The airstrikes, which had the support of nine other countries, drew a strong reaction from Iran, which called the operation an "invasion" and a "dangerous step" that will worsen the crisis in the country.

Iranian Foreign Minister Mohammad Javad Zarif said: "Military action from outside of Yemen against its territorial integrity and its people will have no other result than more bloodshed and more death."

Calling for "urgent dialogue" among Yemeni factions, he added :"We have always warned countries from the region and the West to be careful and not enter short-sighted games and not go in the same direction as al-Qaeda and Daesh," he added, using the Arabic acronym for the Islamic State of Iraq and the Levant (ISIL) group.

The back-and-forth between the regional heavyweights was threatening to turn impoverished Yemen into a proxy battle between the Middle East's Sunni powers and Shia-led Iran.

In the Saudi-led mission, the United Arab Emirates is participating with 30 jets, Bahrain with eight, Morocco and Jordan both with six. Sudan reportedly offered three war planes to assist the operation, Al-Arabiya reported. Jordan confirmed to Al Jazeera that it was participating in the offensive.

An Egyptian official told the AFP news agency that Egypt would also take part. Saudi Arabia said that another four Muslim countries, including Pakistan, wanted to participate in the Saudi-led military coalition. Kuwait's Defense Ministry announced it was sending three squadrons of its F-18 Super Hornet aircraft to Saudi's King Abdulaziz airbase in Dhahran to take part in the offensive.

Turkey said Thursday that it supported the Saudi-led operation. The Turkish foreign ministry said in a statement that Saudi Arabia had informed Ankara about the operation beforehand and that it believed the operation would revive legitimate state authority and prevent the risk of civil war.

Yemen now faces fragmentation, with Houthis controlling much of the north, including the capital, and several southern provinces. In recent days, they took the third-largest city, Taiz, as well as much of the province of Lahj, both just to the north of Aden.

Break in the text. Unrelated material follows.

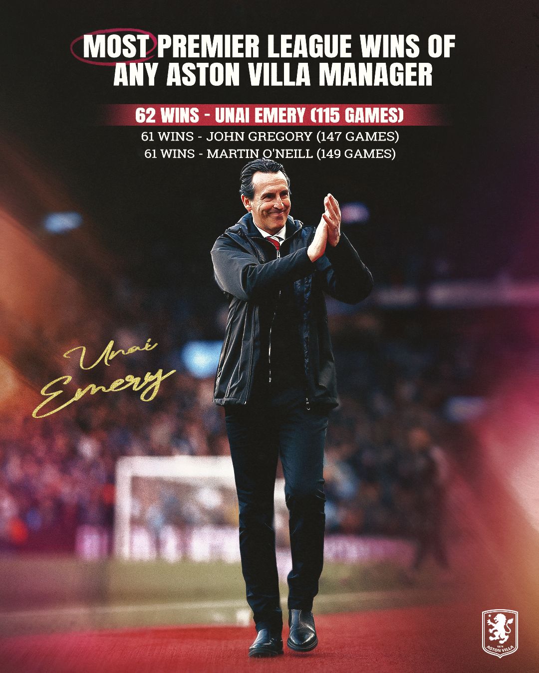 If you go back to the pre-history of football before the 1992/3 season - he’s got the 7th highest number of wins (84) of all Villa managers, and could realistically be in the top 5 by the end of the month (needs 5 more victories to go ahead of Vic Crowe and Eric Houghton)

The Houthis are backed by Saleh, the autocrat who ruled Yemen for three decades until he was removed amid a 2011 Arab Spring uprising. Some of the best-equipped and trained military and security units remained loyal to Saleh and they have helped the Houthis in their rapid advance.

Hadi left Sanaa for Aden earlier this month after escaping house arrest under the Houthis, who overran the capital six months ago. In Aden, he had sought to make a last stand, claiming it as the temporary seat of what remained of his government, backed by allied militias and loyal army units.

With Houthis and Saleh forces closing in on multiple fronts, Hadi and his aides left Aden Wednesday on two boats in the Gulf of Aden, security and port officials said.

Arab leaders are meeting in Egypt this weekend for a previously planned summit. It is unclear if Hadi will join them.